A lattice is yet another mathematical object. It is a structured set of vectors in $$n$$ dimension with coordinates in $$\mathbb{R}$$ or $$\mathbb{Q}$$ where each vector can be represented as an integer linear combination of the vectors of a basis. In two dimension, a lattice will look like this: The pink vectors together are a basis of the lattice: the pink points can all be reached by adding (or subtracting) an integer number of time the two basis vectors.

In the case, of a random basis as in the picture above, some problems can be harder than for a carefully chosen basis. For example, try to find the right combination of the basis vector to reach a point close to the origin. This is called the Shortest Vector Problem (SVP) and, with the right parameters (more importantly, in higher dimensions), it can be computationally hard to solve.

A non-trivial approach of this problem (and of some other problems on lattices) is to use an algorithm designed in the 1980s by two brothers Arjen and Hendrick Lenstra and by László Lovász. This algorithm is called the LLL algorithm and it is able to find a "better" basis (with shorter and "more orthogonal" vectors) of the lattice studied. In the lattice shown above, the LLL lattice reduction algorithm would lead to the following basis of the same lattice: Having a basis with shorter vectors may be sufficient to instantly solve an instance of the Shortest Vector Problem or at least of its approximate version.

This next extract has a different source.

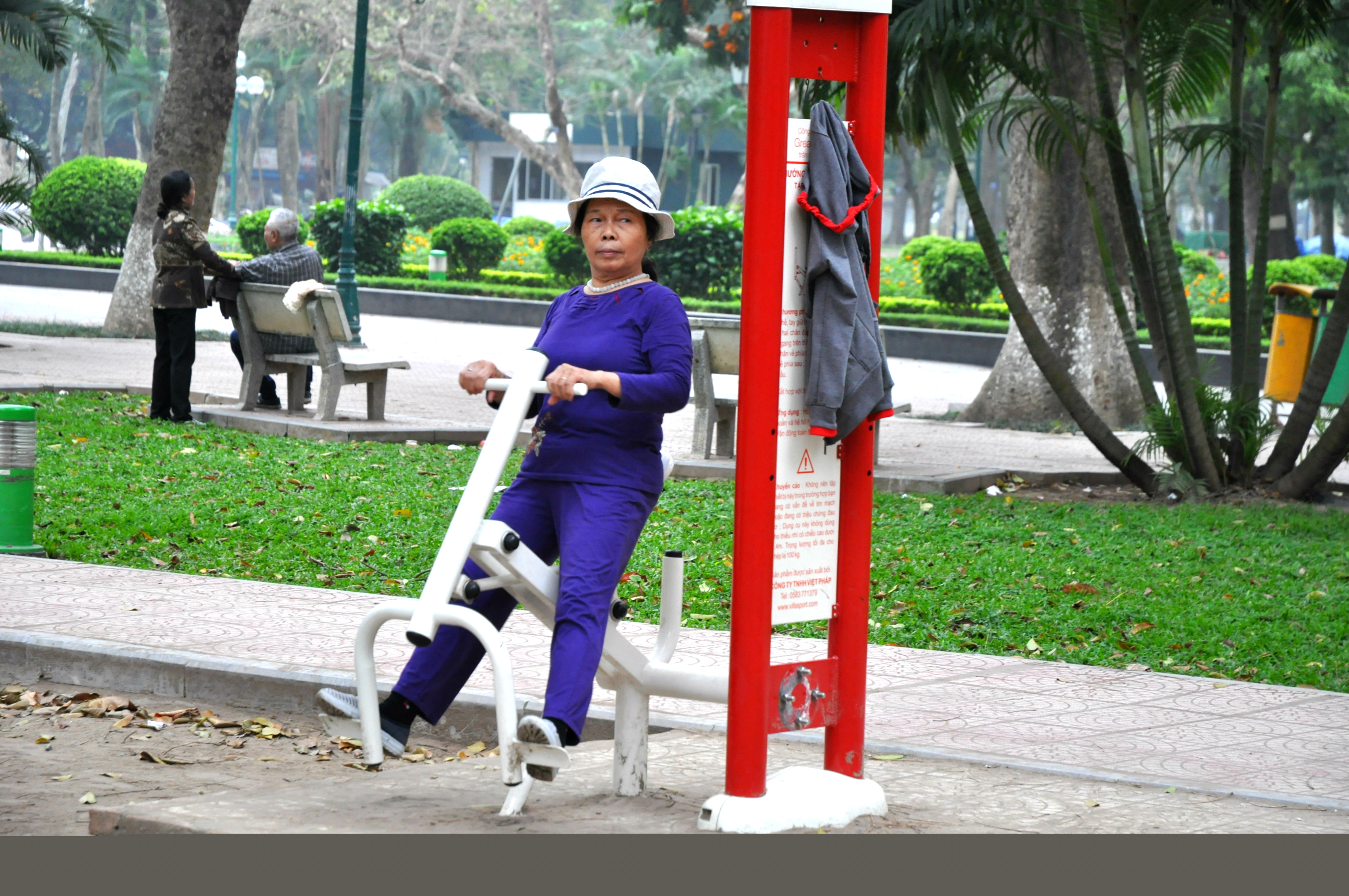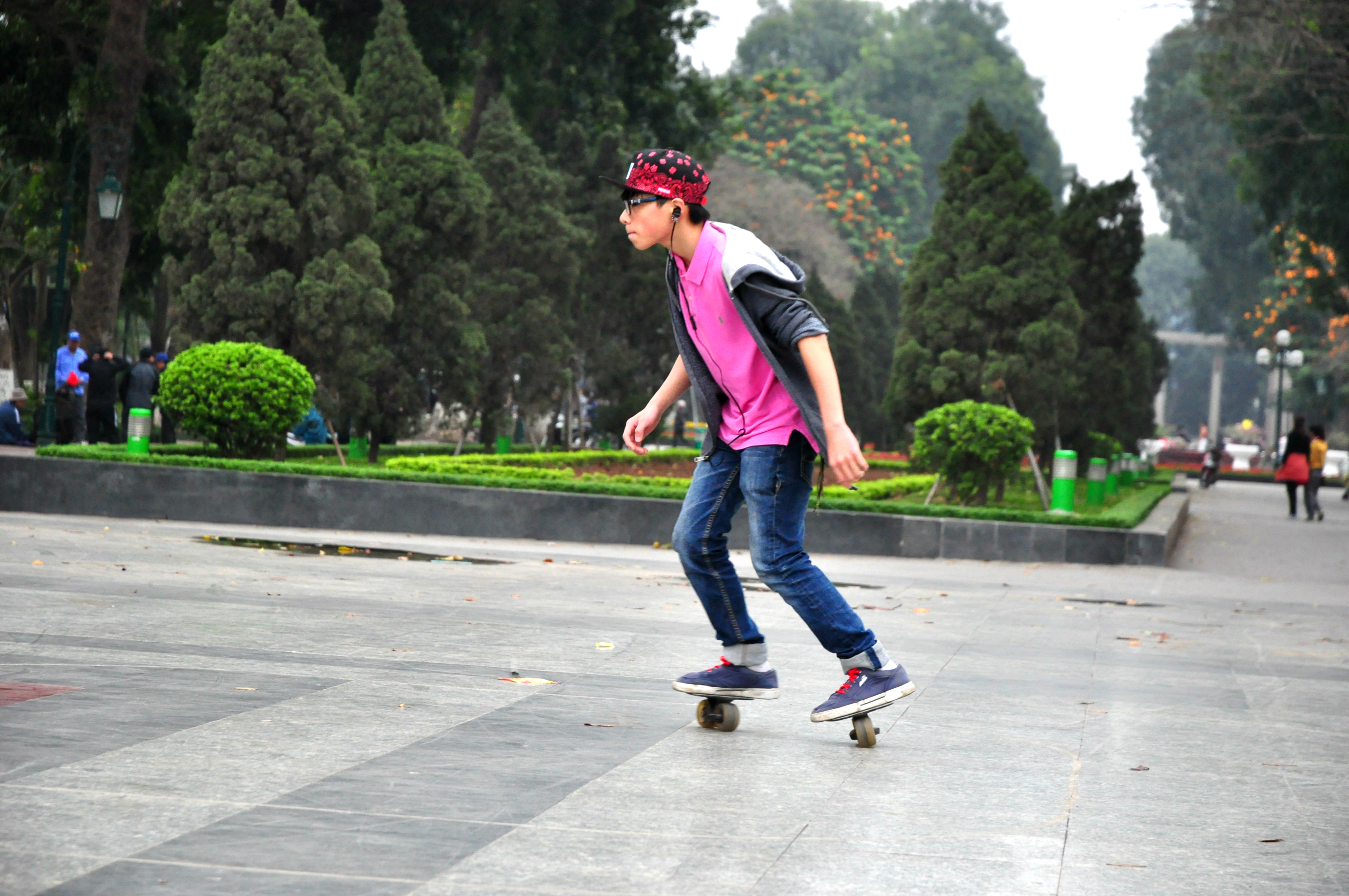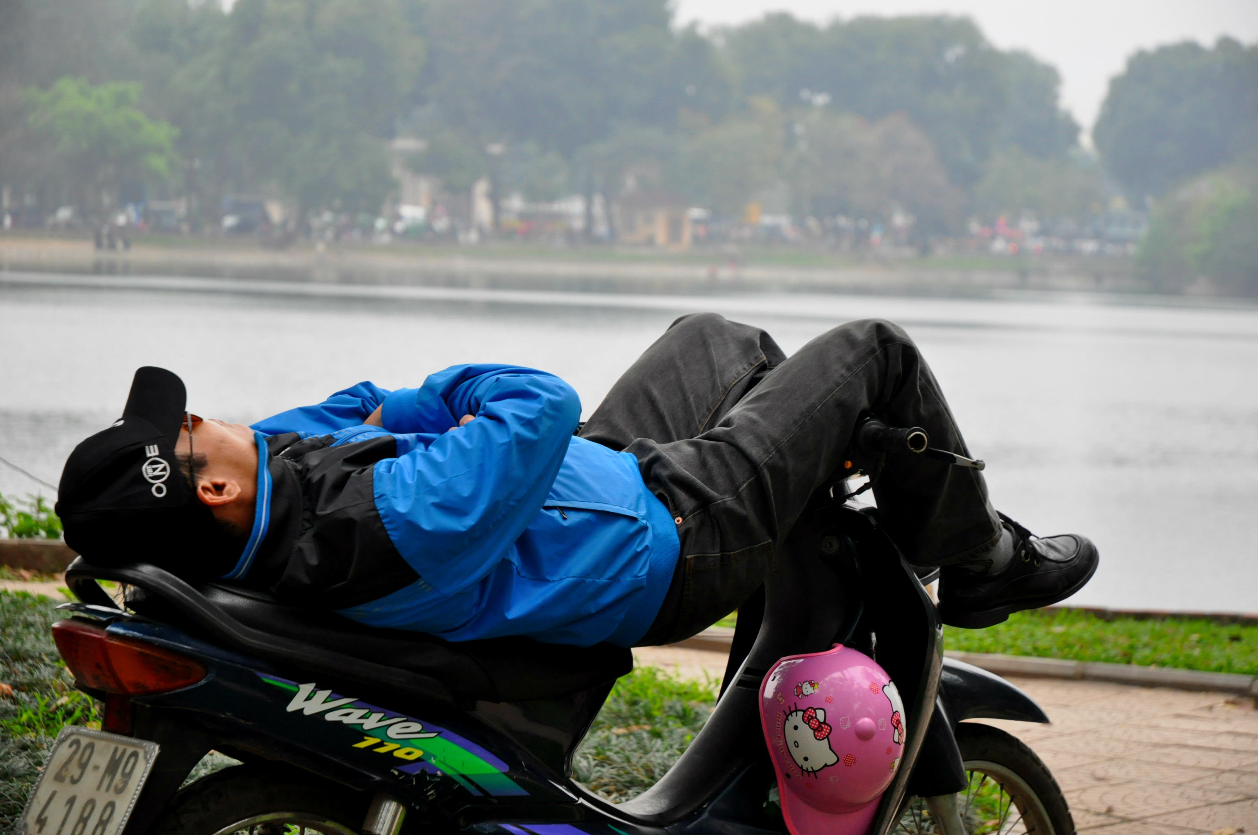 Jsem z toho všeho unavená, tak dáváme pauzu na kafe. Klasický Cà Phê Sữa đá vyřeší každej problém a hlavně nám dodává chybějící energii. Koukáme znova na mapu Hanoje a všímáme si nějakýho obrovskýho parku s jezerem. Ještě jsme tam nebyli, máme milion času, tak proč ne. Pěšky je to celkem dálka a já začínam bejt dost ušmajdaná. Každopádně po půl hodině stojíme před bránou s nápisem Lenin park a nevíme, co máme čekat. U brány se vybírá vstupný čtyři tisíce dongů za osobu, tak to platíme a jdeme tam. Vzhledem k tomu, že si s Adamem moc nečteme a neprohlžíme dopředu info o tom, co to má bejt, nestačíme se pak divit (třeba s tim šílenym mostem, že jo). Vcházíme do prostoru, kde nás hned na začátku vítá strašidelná polorozpadlá atrakce a k tomu psycho hudba jak z nějakýho strašidelnýho filmu. Jdeme dál. Čím dál jdeme, tím to vypadá líp. Zjišťujeme, že tenhle park je taková relaxační a sportovní oáza pro všechny. Lidi sem chodí běhat, cvičit, procházet se nebo skejtovat. Zastavujeme se u několika posilovacích strojů, který jsou určený pro každýho, kdo jde kolem. Tady na nich cvičí především starý lidi a my nedokážem zastavit smích. Je to absolutně skvělý, prej je to i u nás v Čechách, ale já to nikdy neviděla a teď na tom vidim cvičit malý Vietnamce. Nejsou to prostě normální stroje, jsou to různý kola a houpačky a já nevim co všechno. Točíme to, fotíme to a jdeme dál. Tam je to zas dost strašidelný. Rozpadlá stará horská dráha s dračíma vozejkama, která už dávno nejzdí, fůrt hraje ta divná hudba a kolem celýho parku vedou nějaký malý koleje, po kterejch nic nejezdí. Přicházíme k obrovskýmu jezeru, kde se půjčujou lodičky. Na vodě je ale jenom jedna, asi kvůli počasí. Fouká a je pod mrakem. Sedíme a pozorujeme vedle nás na plácku skupinku mladejch skejťáků, jak jezděj. Adam si to jako správnej skejťák samozřejmě fotí a točí na GoPro a všichni jsou z toho tam nadšený. Najednou jezděj jako kdyby o něco soutěžili a předháněj se, kdo dá lepší trik, což je sranda. Po hodině nic nedělání jdeme projít zbytek parku a jdeme směrem na nádraží. Sice máme ještě něco přes tři hodiny čas, ale už tu fakt nemáme co dělat. Sedáme si do kavárny Highlands Coffee před nádražím, objednáváme si další kafe a Bánh Mí a dohromady platíme asi sto tisíc dongů. Kafe mi chutná, Bánh Mí ne. Je tu wifi, zásuvky a maj pohodlný křesla. Já dopisuju deník a Adam střídavě přetahuje fotky na Dropbox, dobíjí elektroniku a čte si. Takhle nějak tam trávíme asi dvě a půl hodiny před odjezdem.

In fact, this algorithm is so powerful that it can also be used to solve other problems that seem at first unrelated to lattices. For example, with the right reformulation of the problem, LLL can be used to improve the search for a solution of some instance of the Knapsack problem.

# SMPC Signature

Now that you know the basics of the concepts used, here is the challenge we were asked to solve during this CTF.

## Challenge description

This challenge was the only 500-points challenge in the "Crypto" category. I managed to solve it before everyone else did and at the end of the CTF we were only four participants to have solved it.

Here is the description that is given to us:

# Secure Multiparty Computation ECDSA Signature

Some organisation has been using ECDSA to sign some important data.
In order to avoid the secret key from being compromised, it was split in 16 fragments that were distributed to parties in a way that at least 5 parties need to share their fragments in order to recover the secret key.
Then, the organisation implemented a custom program that is able to sign data if enough parties agree, without requiring anyone to share their secret fragment.
This works thanks to a Secure Multiparty Computation algorithm based on the one used by the Ren Project (https://renproject.io/), which has been specified in https://github.com/renproject/rzl-mpc-specification/tree/33a60237eb5eb3ec617d125f533368683cfca628.

When signing some data, the encrypted packets that are exchanged between the participants are recorded into a log file.
A few days ago, some unknown attacker managed to breach into the network and to exfiltrate one of these log files (smpc_trace.log).
This attacker then managed to recover the secret key, even though he did not have any fragment!
So there is a critical vulnerability in the implementation.
Can you find it and recover the secret key?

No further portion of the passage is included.